All’imprescindibile rapporto tra lingua e cultura è legata la teoria del relativismo linguistico ed in particolare l’ipotesi di Sapir-Whorf (ing. Sapir-Whorf hypothesis).

Secondo tale ipotesi, la struttura della lingua abitualmente utilizzata da un individuo influenza le modalità di pensiero e di comportamento. Tale posizione è stata ampiamente discussa e contrastata in ambito scientifico, fino ad arrivare all’accettazione di alcune sfumature di tale teoria come il fatto che vi siano differenze culturali nelle associazioni semantiche evocate da concetti apparentemente comuni (Kramsh 1998:13)93..

L’influenza della cultura sulla lingua si riflette principalmente nel lessico. Da una parte vi è l’ambiente naturale che richiede la creazione e l’uso di determinati termini rilevanti per una data cultura, dall’altro vediamo come parte della struttura del lessico sia interessata dall’organizzazione sociale del gruppo.

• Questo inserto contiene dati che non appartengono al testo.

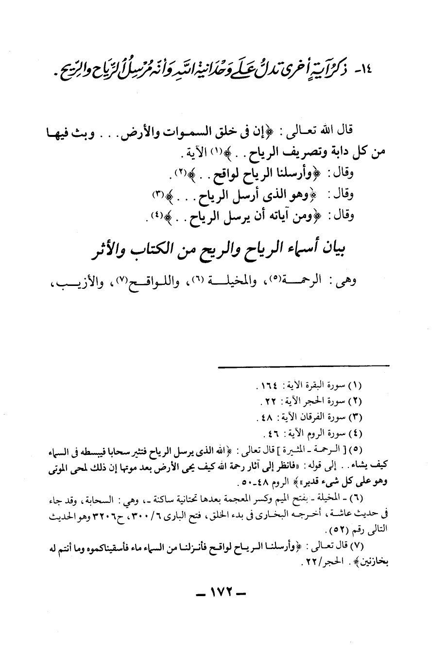 ١٤ - ذِكْرُ آيَةٍ أُخْرَى تَدُلُّ عَلَى وَحْدَانِيَّةِ الله، وَأَنَّهُ مُرْسِلُ الرِّيَاحَ وَالرِّيحَ

La lingua non deve e non può essere vista come un mero costituente della cultura, solamente come un mezzo per poterla interpretare, bensì come il suo dinamico principio costitutivo. Dal canto suo, come prerequisito e creatore della cultura, il linguaggio prende forma a seconda dei bisogni e delle possibilità della cultura; la cultura è “penetrabile”, comprensibile attraverso lo strumento linguistico il quale, a sua volta, per essere compreso necessita di un retroterra di informazioni culturali che lo sostengano (Zuanelli Sonino 2009: 267). Così la cultura come il linguaggio, grazie alla loro sinergia, formano e cambiano il mondo (Bugarski 2005: 17).

L’importanza dell’indissolubile rapporto lingua-cultura non è passato inosservato al mondo dell’istruzione. Con l’ingresso nei sistemi educativi di sempre più alunni con lingua e cultura diversa dalla maggioranza, i sistemi scolastici si trovano dinanzi a diverse sfide su come affrontare il legame tra lingua e cultura dei nuovi arrivati e dei rapporti che queste andranno a intessere con la lingua e la cultura di maggioranza.

In Slovenia, ma come in tutta Europa, si sta cercando di dare sempre più importanza allo sviluppo di ciò che viene definita competenza comunicativa interculturale. Come anche nel caso in esame, le culture coinvolte nel processo d’insegnamento e di apprendimento di una L2 sono due: quella materna e quella del paese straniero.

                                                                                                               

93 Le lingue che vengono prese in esame più volte nel corso di questa ricerca, lo sloveno, il croato, il bosniaco ed il serbo, data la vicinanza sia geografica che strutturale è possibile che non presentino grandi differenze nella concettualizzazione mentale delle sfumature semantiche, o non è stato possibile rintracciare studi realizzati in merito.

Tali nuove circostanze hanno portato ad una nuova definizione di apprendente della L2 come sottolinea Ciliberti (2012: 116) riportando la definizione di Celia Roberts et. presente nel saggio Language Learnes as Ethnographers:

“In recent years, language learners have come to be described in terms of ‘cultural mediators’, ‘border-crossers’, ‘negotiators of meaning’, ‘intercultural speakers’ and such like. Language learning is becoming increasingly defined in cultural terms and these new names and targets for language learning imply a reconceptualisation of the language learning endeavour”.

Affinché la nozione di cultura sia pedagogicamente e didatticamente proficua, deve evidenziare il legame inscindibile che esiste tra la lingua e gli aspetti socioculturali che essa esprime e che contribuisce a costituire in un determinato contesto spazio-temporale (Ciliberti 2012: 119).

Le lezioni extracurricolari proposte dalla scuola Livada, come anche il laboratorio di lingua slovena come L2 di cui si tratterà in seguito, possono essere viste ed intendono essere un ponte tra due lingue e due culture diverse, affinché nessuna di queste venga vista dai propri parlanti o dalla società ospitante come ‘diversa’ o addirittura ‘inferiore’.